In a hilariously ironic twist, Kotick opened the Activision Blizzard investor call saying he wants the company to “set the example in the industry” on handling “discrimination, harassment, [and] unequal treatment.” Kotick must have that quote written on a sticky note on his monitor: “There is no place at our company for discrimination, harassment, or unequal treatment.” He’s used it numerous times now. However, for a company wanting to set the example, there sure doesn’t seem to be a lot of actionable evidence to provide a roadmap for other companies (unless that roadmap is how to insulate the executive team at the top while failing to come to the table with the affected employees, who have repeatedly reached out and made very clear demands).
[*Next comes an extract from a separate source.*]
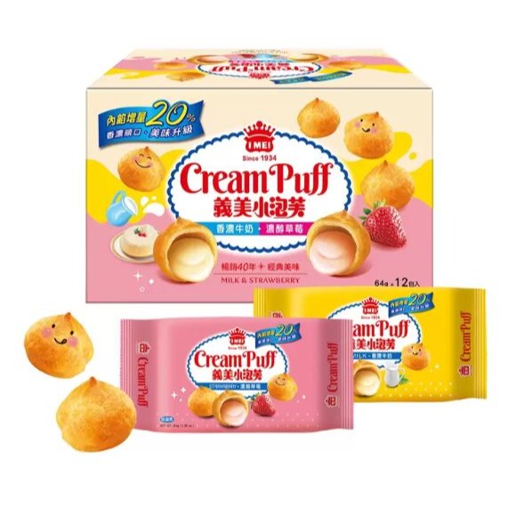 品名 : 義美 小泡芙(香濃牛奶+濃醇草莓) 64公克 X 12入

In fact, Activision Blizzard can’t and won’t even come close to touching the kind of examples that other companies and developers have set—which is to have positive systems in place that support employees and squash toxic cultures from the get-go. I’m sorry, but Kotick can’t even dream of coming close to the example a company like Bungie has set up in being a diverse, inclusive, equal, and safe place to work. That requires years of building on a solid foundation, not slapping a coat of paint on everything alongside some flowery corporate speak as the house burns around you.
For all the blustering at the top, Activision Blizzard employees aren’t left with much confidence in a system that has already failed them. Repeating the same mantra of “There is no place at our company for discrimination, harassment, or unequal treatment” doesn’t automatically make it true. A longstanding exec like Kotick needs to come to grips with one of two realities: Either he was aware of the issues and has done nothing to fix them, or he was completely blind to what was going on beneath him. Either way, that would require him to be held accountable and admit that he’s failed the company he sits at the head of.
Boilerplate responses to appease shareholders lack empathy, accountability, and action; generic promises that won’t result in much change unless Kotick and other executives are willing to take a significant hit at the top in favor of the almost 10,000 employees at Activision Blizzard. Self-interest must come second. Profit must come second. Activision Blizzard’s first and only priority needs to be the employees that are directly affected. And for the executives, that’s going to require some discomfort on their part, but compared to the issues employees at the bottom face, it’s the least we could ask of them.